In a 2002 television commercial for DirecTV’s blazing fast DSL Internet service, a man is seen aimlessly browsing the Internet, clicking link after link. Suddenly, his computer informs him that he has “reached the end of the Internet” and has “seen everything there is to see.” He stares at the screen in amazement.
Going back to the late 1990s, jokesters have set up numerous web pages that purport to be the last page of the Internet. Of course, the notion that any human could visit every on-line page is preposterous: according to WorldWideWebSize.com, which attempts to track the daily estimated size of the web, the Internet contained at least 5 billion web pages as of April 6, 2024.
But even though AI might have difficulty re-creating the human hand, it can click through web pages really fast.
In a recent story for The Wall Street Journal, Deepa Seetharaman writes that AI companies are running out of training data after burning through the entire Internet.
Companies racing to develop more powerful artificial intelligence are rapidly nearing a new problem: The internet might be too small for their plans.
Ever more powerful systems developed by OpenAI, Google and others require larger oceans of information to learn from. That demand is straining the available pool of quality public data online at the same time that some data owners are blocking access to AI companies.
Some executives and researchers say the industry’s need for high-quality text data could outstrip supply within two years, potentially slowing AI’s development.

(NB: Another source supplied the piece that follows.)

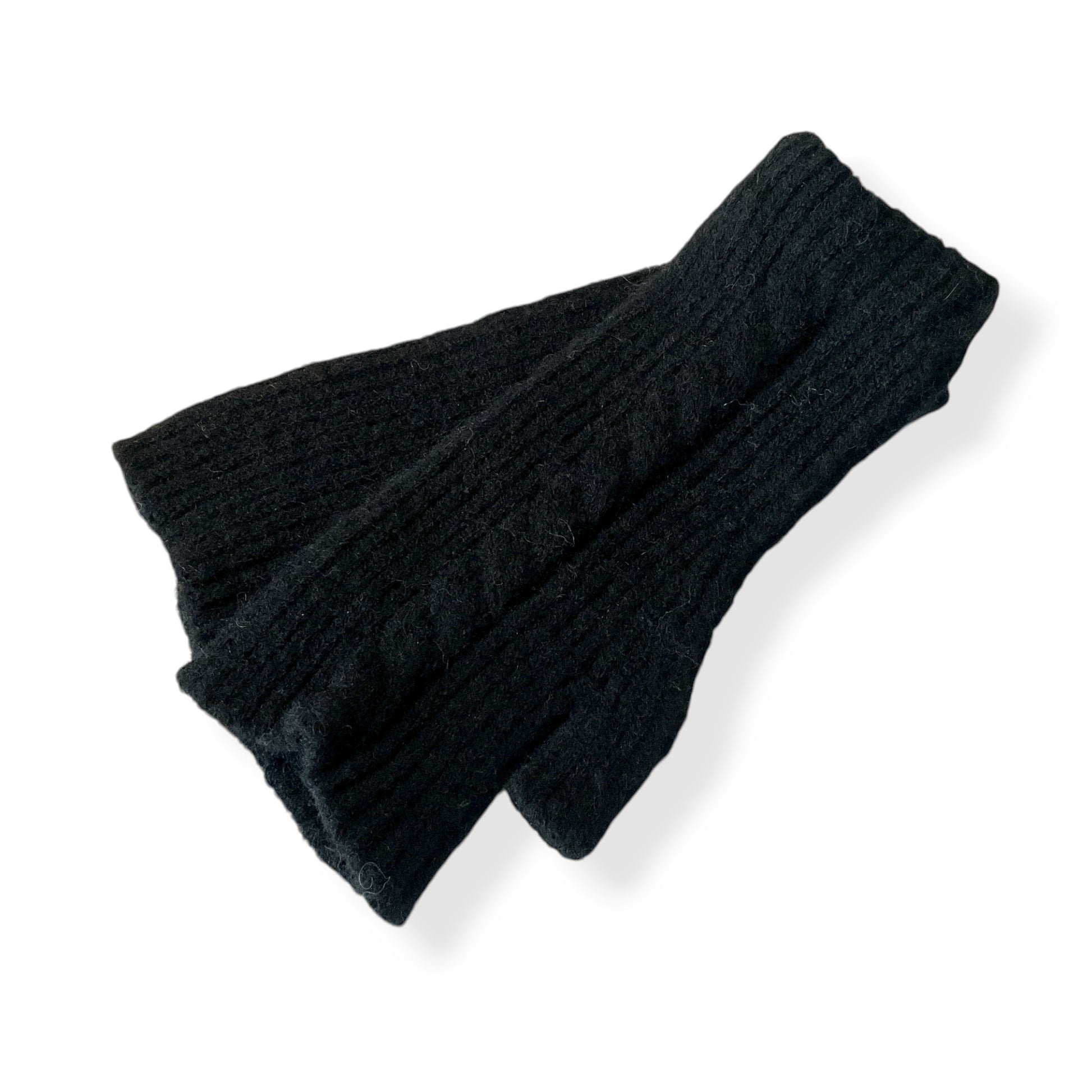 These fingerless mittens are made from a combination of acrylic and wool materials, making them both comfortable and durable. They are also machine washable for easy care.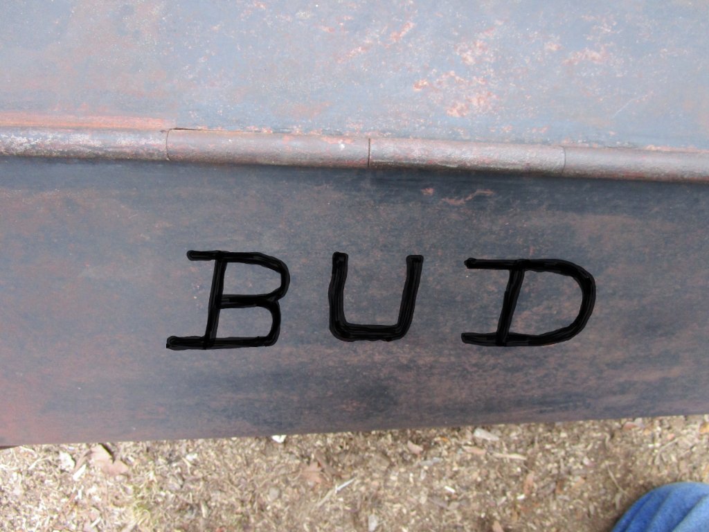 John, I have a very nice hood with proper patina for the car. Sometime in the distant past someone painted their names on the hood. The name "GENE" is on the driver side top panel, and the name "BUD" is on the passenger side top panel. There were also several "polka dots" placed around the names. The patina is a mixture of original paint and rust. It appears the names wore off years ago. Probably made with "shoe polish" But the names were there for long enough to protect the original paint allowing the names to show up as a "ghost" image in the original paint. It was hard to get a good picture of the names so I did a "paint" highlight of them to help show them. They add a neat detail to the car. I wish I could find out who they were.

While companies like OpenAI don’t disclose the exact sources of their training data, it is believed that they vacuum up on-line content such as research papers, news articles, and Wikipedia pages. They also likely ingest content from social media platforms, although much of that content is “walled off” from automated bots.
That doesn’t stop those social media platforms from utilizing the data themselves: the WSJ story notes that Meta CEO Mark Zuckerberg recently touted his company’s access to hundreds of billions of publicly shared images and videos across Facebook and Instagram, creating a rather robust training set for Meta’s own ambitious AI goals.

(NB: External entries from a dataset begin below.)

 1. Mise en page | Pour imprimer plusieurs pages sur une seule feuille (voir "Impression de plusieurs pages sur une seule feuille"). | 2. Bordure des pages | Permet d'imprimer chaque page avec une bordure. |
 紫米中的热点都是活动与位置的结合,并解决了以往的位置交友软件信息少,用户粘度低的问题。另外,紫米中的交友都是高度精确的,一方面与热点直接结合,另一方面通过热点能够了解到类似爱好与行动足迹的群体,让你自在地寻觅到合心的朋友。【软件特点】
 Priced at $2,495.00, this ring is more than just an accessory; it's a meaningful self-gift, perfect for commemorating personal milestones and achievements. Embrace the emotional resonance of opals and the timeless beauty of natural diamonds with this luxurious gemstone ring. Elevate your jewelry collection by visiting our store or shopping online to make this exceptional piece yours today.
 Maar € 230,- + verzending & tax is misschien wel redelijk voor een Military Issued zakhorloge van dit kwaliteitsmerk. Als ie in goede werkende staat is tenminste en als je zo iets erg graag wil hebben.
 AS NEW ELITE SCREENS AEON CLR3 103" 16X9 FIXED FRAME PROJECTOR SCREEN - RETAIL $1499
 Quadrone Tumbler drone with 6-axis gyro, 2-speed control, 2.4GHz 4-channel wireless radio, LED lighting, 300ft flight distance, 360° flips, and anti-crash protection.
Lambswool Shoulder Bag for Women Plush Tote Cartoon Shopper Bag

As AI companies begin to run out of training data on the Internet, they’re turning to synthetically-generated data, but that practice is controversial.

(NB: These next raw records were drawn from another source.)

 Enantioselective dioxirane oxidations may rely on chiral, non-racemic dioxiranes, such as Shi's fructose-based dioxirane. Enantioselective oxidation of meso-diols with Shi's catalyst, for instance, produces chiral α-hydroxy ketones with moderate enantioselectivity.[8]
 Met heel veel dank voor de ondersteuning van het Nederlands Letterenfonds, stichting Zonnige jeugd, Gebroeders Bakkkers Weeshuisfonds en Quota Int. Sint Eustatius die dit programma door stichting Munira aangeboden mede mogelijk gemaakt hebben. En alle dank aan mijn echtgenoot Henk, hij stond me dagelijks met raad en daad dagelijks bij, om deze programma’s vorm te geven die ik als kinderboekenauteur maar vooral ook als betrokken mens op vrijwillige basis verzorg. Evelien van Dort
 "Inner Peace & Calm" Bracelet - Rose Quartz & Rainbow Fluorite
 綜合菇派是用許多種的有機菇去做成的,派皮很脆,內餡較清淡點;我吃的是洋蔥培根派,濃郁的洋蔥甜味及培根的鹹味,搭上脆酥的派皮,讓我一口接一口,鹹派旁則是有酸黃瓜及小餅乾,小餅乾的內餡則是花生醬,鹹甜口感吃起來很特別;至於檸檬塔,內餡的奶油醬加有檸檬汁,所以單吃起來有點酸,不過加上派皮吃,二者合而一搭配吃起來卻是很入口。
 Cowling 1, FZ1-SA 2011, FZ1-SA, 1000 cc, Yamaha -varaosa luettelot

In a story for Futurism, Noor Al-Sibai touches on some of the challenges of using synthetic data sets.
Synthetic data, meanwhile, has been the subject of ample debate in recent months after researchers found last year that training an AI model on AI-generated data would be a digital form of “inbreeding” that would ultimately lead to “model collapse” or “Habsburg AI.”
Habsburg AI refers to the House of Habsburg (or House of Austria), one of the most prominent dynasties in European history. Seeking to consolidate their power, the Habsburgs relied on frequent consanguine marriages between closely related individuals. This inbreeding negatively affected the gene pool and was believed to lead to health ailments such as epilepsy, insanity, and early death.
Some are now predicting that AI models may suffer a similar fate as they begin to train against data they themselves created, recycling biases and errors and making it increasingly difficult to check the results for reliability.
In a 2023 research paper titled The Curse of Recursion: Training on Generated Data Makes Models Forget, researchers caution about an effect called Model Collapse that could occur when large language models are trained on data produced by other AIs instead of by humans.